9. The method as claimed in claim 8, wherein, in sequentially supplying the second scan signal to each of the pixels and applying the data signals to each of the pixels, to which the second scan signal is supplied and simultaneously supplying the control signals to each of the pixels so that each of the pixels simultaneously emit light with brightness components corresponding to the data signals applied to each of the pixels, a first power source having a high level voltage is supplied to each of the pixels.

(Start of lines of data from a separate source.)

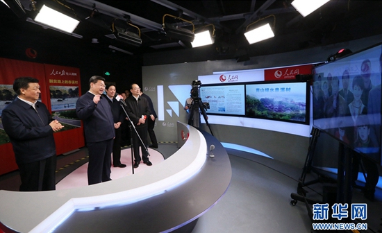 2月19日,中共中央总书记、国家主席、中央军委主席习近平在北京主持召开党的新闻舆论工作座谈会,并到中央新闻单位调研。这是习近平在人民日报社人民网演播室,通过视频同福建省宁德市赤溪村村民交流。新华社记者 兰红光 摄
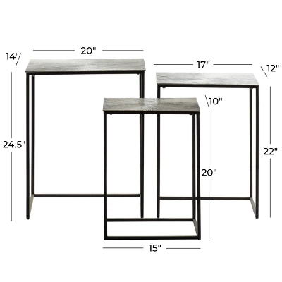Bring a finishing touch to your home with an inviting appeal with this beautifully crafted accent table. A compact friendly table providing you with additional surface storage space any where in your home. Versatile side tables, they can be used as figurine display holders, corner accent pieces, and next to lounge chairs for lamps. Designed with felt or rubber stoppers at the base that prevent scratching furniture and table tops, as well as sliding around. This item ships in 1 carton. Suitable for indoor use only. Maximum weight limit is 50 lbs. Made in India. This accent table comes as a set of 3. Glam style.
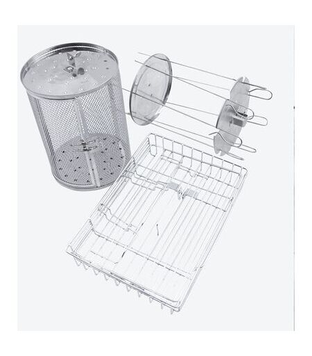 Bestehend aus Dreh- und Universalkorb, Spießen Für knusprige Pommes, Popcorn Auch für Fisch, Gemüse, Schaschlik Aus robustem Edelstahl Zubehör-Set zum rauchfreien Tischgrill mit Drehspieß (Nr. 344G03). Pommes-Drehkorb Edelstahl, Ø 14 cm, 18,5 cm lang, Schaschlik-Spieß 49 cm lang. Fisch-/Gemüse-Garkorb 23 x 17 x 4,5 cm (B/T/H). ...
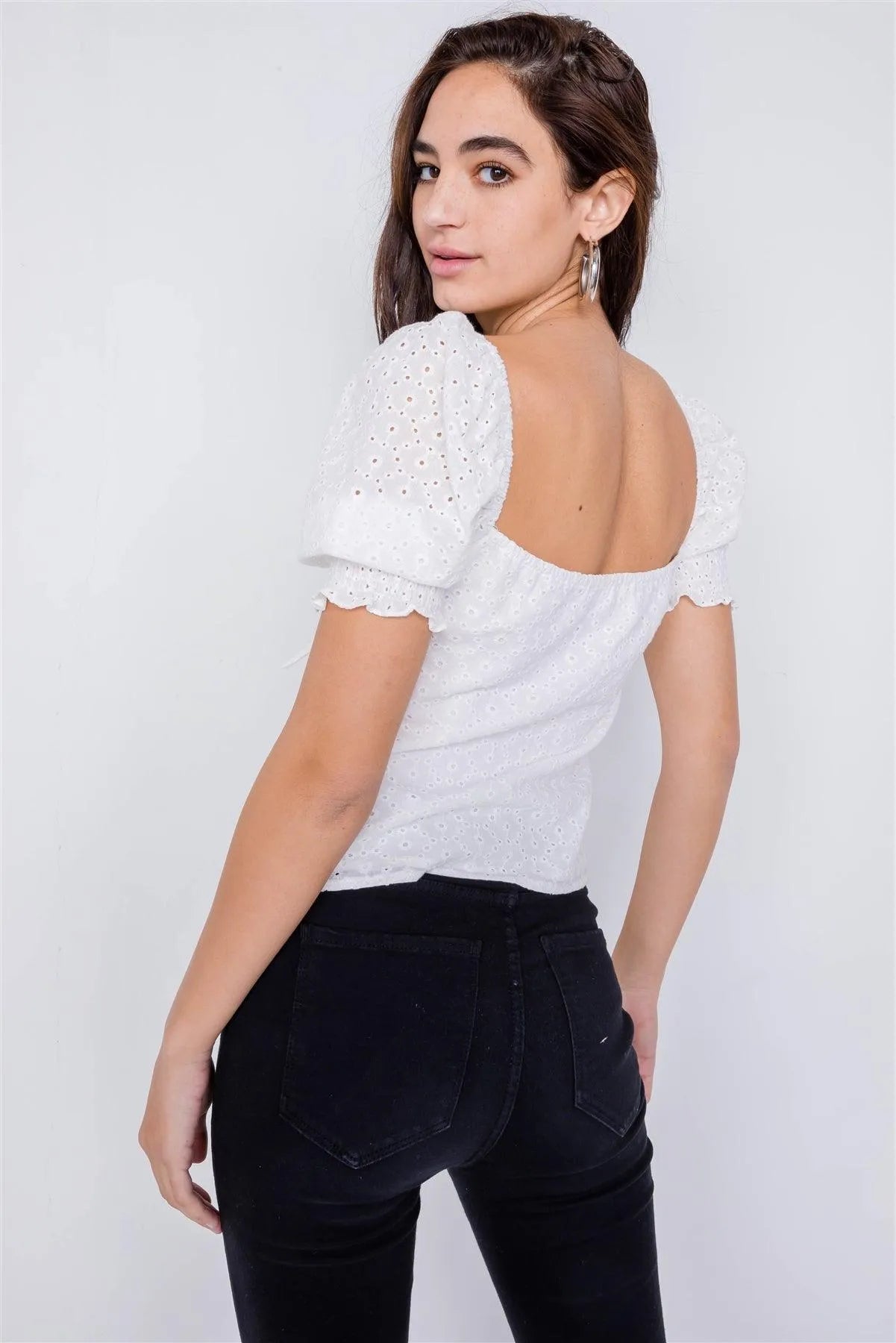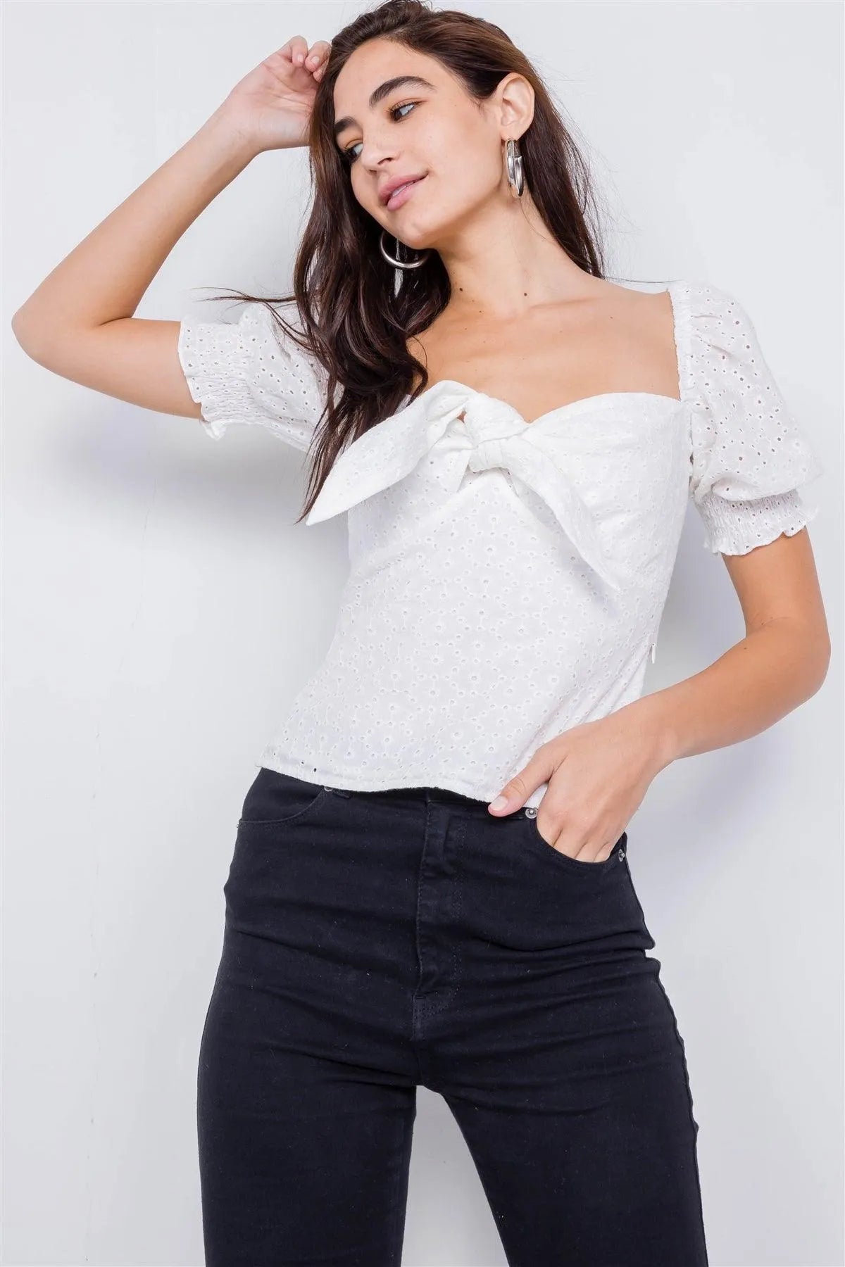 Off-White Floral Eyelet Office Chic Square Neck Front Bow Top /4-2-1
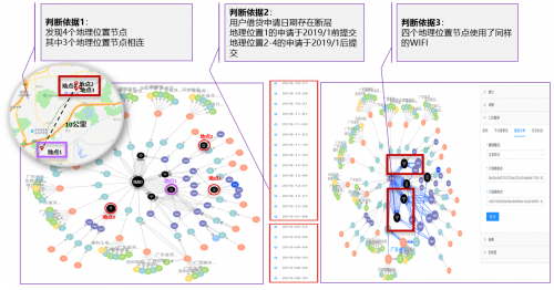案例一是团伙欺诈识别的案例,对象是一个线下做非法贷款的中介,中介虽然做了搬家的处理,但是融慧金科有效的在他搬家之后仍然能够抓到这个中介的特征。具体来看,最左边这个团簇是最大规模的一个团簇,策略人员在分析这个团簇的时候发现里面有四个比较可疑的地点,其中3个地点集中在一块,两个地点相隔10公里。进一步结合时间轴去看,发现该中介集中贷款申请批次分成两批,第一批在2019年1月份之前在第一个地点,第二批是在2019年2月份之后,在第二、第三和第四个地点。再进一步分析,发现其实是中介机构地点的转移,他第一次在地点一的时候被融慧金科的风控策略给拦截住了,这个中介也很聪明,进行搬家,搬到十公里之外的一个地点。但是这些犯罪分子不舍得把他的路由器给丢掉,带着路由器去到新地点。但是路由器背后的SSID已经被我们的系统拉黑了,所以通过这个办法有效的阻止了团伙欺诈。
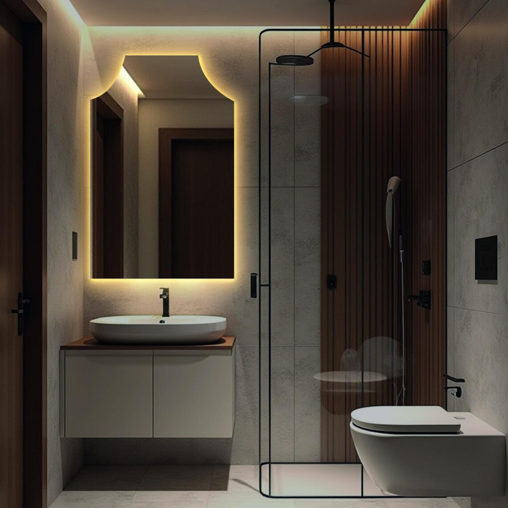 Контурный свет (Ambilight): Светодиоды, направленные на стену, создают мягкий ореол вокруг зеркала. Это не только эффектно выглядит, но и подчеркивает фактуру обоев или плитки, создавая уютное камерное освещение.
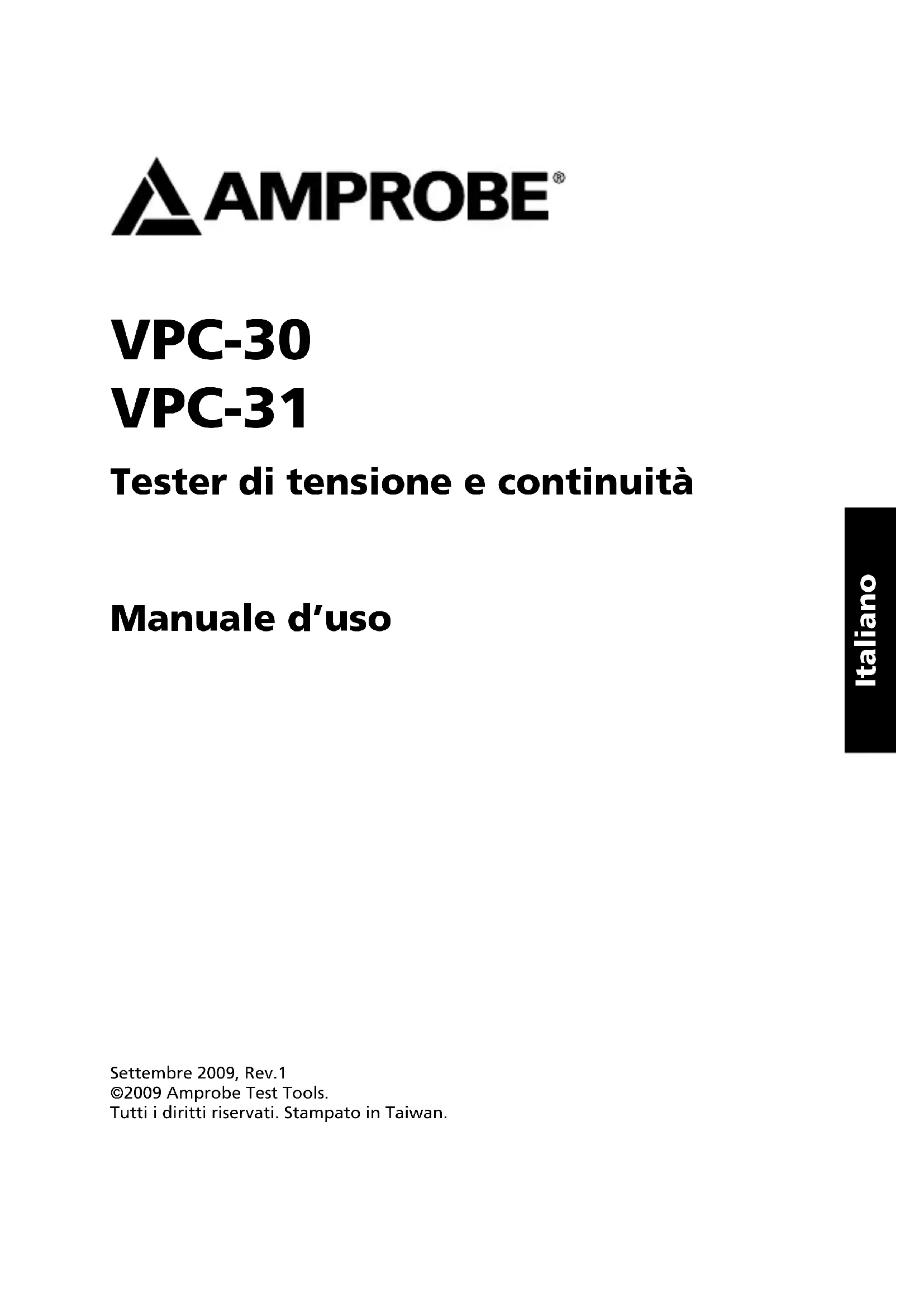 Bedienung zu erkennen. Außer dem Ersetzen der Batterie sollten Reparaturen am Messgerät ausschließlich durch werkseitig autorisiertes Servicepersonal oder anderes Fachpersonal durchgeführt werden. Die Vorderseite und das Gehäuse können mit einer milden Lösung von Reinigungsmittel und Wasser gereinigt werden. Die Lösung spärlich mit einem weichen Tuch auftragen und das Gerät vor Gebrauch vollständig trocknen lassen. Keine aromatischen Kohlenwasserstoffe oder Chlorlösungsmittel zur Reinigung verwenden.13 Abb. 1 Abb. 3 Abb. 4 Abb. 2VPC-30 VPC-31 Tester di tensione e continuità Manuale d’uso Settembre 2009, Rev.1 ©2009 Amprobe Test Tools. Tutti i diritti riservati. Stampato in Taiwan. ItalianoGaranzia limitata e limitazione di responsabilità Questo prodotto Amprobe sarà esente da difetti di materiale e fabbricazione per un anno a decorrere dalla data di acquisto. Sono esclusi da questa garanzia i fusibili, le pile monouso e i danni causati da incidenti, negligenza, uso improprio, alterazione, contaminazione o condizioni anomale di funzionamento o manipolazione. I rivenditori non sono autorizzati a offrire nessun’altra garanzia a nome della Amprobe. Per richiedere un intervento durante il periodo di garanzia, restituire il prodotto, allegando la ricevuta di acquisto, a un centro di assistenza autorizzato Amprobe Test Tools oppure a un rivenditore o distributore Amprobe locale. Per ulteriori informazioni vedere la sezione Riparazioni. QUESTA GARANZIA È IL SOLO RICORSO A DISPOSIZIONE DELL’ACQUIRENTE, E SOSTITUISCE QUALSIASI ALTRA GARANZIA, ESPRESSA, IMPLICITA O PREVISTA DALLA LEGGE, COMPRESA, MA NON A TITOLO ESCLUSIVO, QUALSIASI GARANZIA IMPLICITA DI COMMERCIABILITÀ O DI IDONEITÀ PER SCOPI PARTICOLARI. IL PRODUTTORE NON SARÀ RESPONSABILE DI DANNI O PERDITE SPECIALI, INDIRETTI O ACCIDENTALI, DERIVANTI DA QUALSIASI CAUSA O TEORIA. Poiché alcuni stati o paesi non permettono l’esclusione o la limitazione di una garanzia implicita o di danni accidentali o indiretti, questa limitazione di responsabilità potrebbe non riguardare l’acquirente. Riparazioni A tutti gli strumenti di misura restituiti per interventi in garanzia non coperti dalla garanzia oppure per la taratura, devono essere allegate le seguenti informazioni: il proprio nome e quello dell’azienda, indirizzo, numero telefonico e ricevuta di acquisto. Allegare anche una breve descrizione del problema o dell’intervento richiesto e i cavi di misura. Gli importi dovuti per sostituzioni o riparazioni non coperte dalla garanzia vanno versati tramite assegno, vaglia bancario, carta di credito con data di scadenza, oppure ordine di acquisto all’ordine di Amprobe

10. The method as claimed in claim 8, wherein, in simultaneously supplying the control signals to each of the pixels so that each of the pixels simultaneously emit light with brightness components corresponding to the data signals applied to each of the pixels, a supplementary voltage is supplied to each of the pixels.

11. The method as claimed in claim 9, wherein, in sequentially supplying the second scan signal to each of the pixels and applying the data signals to each of the pixels, to which the second scan signal is supplied, a voltage corresponding to a difference between the first power source and a threshold voltage of a first transistor is applied to the gate electrode of the first transistor included in each of the pixels.